Glyphosate/diquat it and treat with pre-emergent and then just stay ahead of it.


----------



## hawkman248 (6 mo ago)

Grizzly Adam said:


> Glyphosate/diquat it and treat with pre-emergent and then just stay ahead of it.


I appreciate it. The residual control I'm talking about is equivalent to a pre-emerge. Pramitol should take care of it for a long time. I'm not sure what the railroad uses along it's tracks out here but nothing has grown back in a year-and-a-half. I know a lot of farmers that use Pramitol and/or Esplanade EZ for long-term control.


----------



## Mightyquinn (Jan 31, 2017)

Look at RM43 at Tractor Supply that stuff will sterilize the soil basically for a good year or two. It's uses Glyphosate and Imazapyr like others have mentioned.


----------



## Amoo316 (Jul 8, 2021)

I bought some Esplande EZ last year to try. At their high rate, which I think is 10oz/k (have to check label again), I'm getting MAYBE 3 full months. It's not worth the price you pay for their concentration IMO. If you're going to mix heavy handed and spray angry and have a small area it might be worth it, but I won't be buying another bottle. I'll just roll my own instead.


----------



## hawkman248 (6 mo ago)

Amoo316 said:


> ...If you're going to mix heavy handed and spray angry...


That's a great phrase.

I appreciate the feedback. It is expensive and I'm looking for a more affordable option.


----------



## hawkman248 (6 mo ago)

Mightyquinn said:


> Look at RM43 at Tractor Supply that stuff will sterilize the soil basically for a good year or two. It's uses Glyphosate and Imazapyr like others have mentioned.


I appreciate it.


----------



## Grizzly Adam (May 5, 2017)

Mightyquinn said:


> Look at RM43 at Tractor Supply that stuff will sterilize the soil basically for a good year or two. It's uses Glyphosate and Imazapyr like others have mentioned.
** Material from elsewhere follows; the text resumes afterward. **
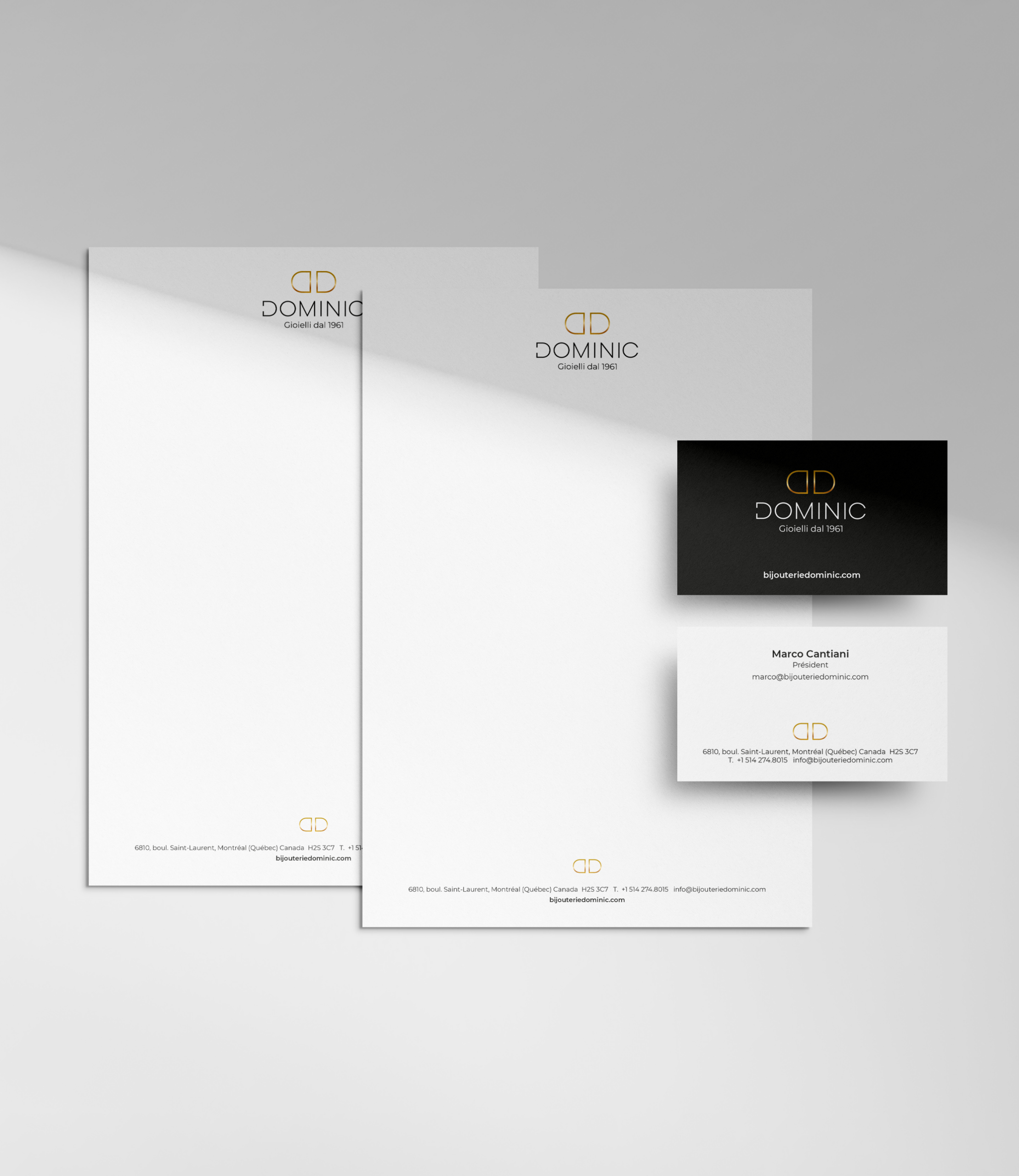 Refonte de l’identité visuelle d’une bijouterie emblématique de Montréal, fondée en 1961 et ancrée au cœur de la Petite Italie. Synonyme d’intégrité et de savoir-faire horloger, la bijouterie Dominic s’est forgée une réputation d’excellence grâce à ses montres et bijoux en or italien 18 carats.
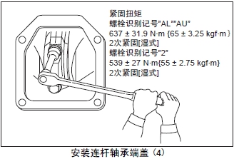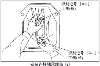 (3) 確認(rèn)三菱發(fā)動(dòng)機(jī)連桿軸承端蓋和連桿的裝配編號(hào)位于同一側(cè),并且裝配編號(hào)一致后,將連桿軸承端蓋安裝在連桿上。

Same active ingredients as Ortho Ground Clear / Bonide Ground Force. I have had lots of issues with it seeping into surrounding areas and sterilizing places I don't want it. That's why I got away from it.


----------



## hawkman248 (6 mo ago)

I ended up using Clethodim and glufosinate with AMS added to the tank. It worked well but two weeks later, it all greened up again.(it had turned brown and looked dead). I hit it again and plan to come back with Pramitol (Prometon) or maybe the RM43 as suggested by @Mightyquinn .


----------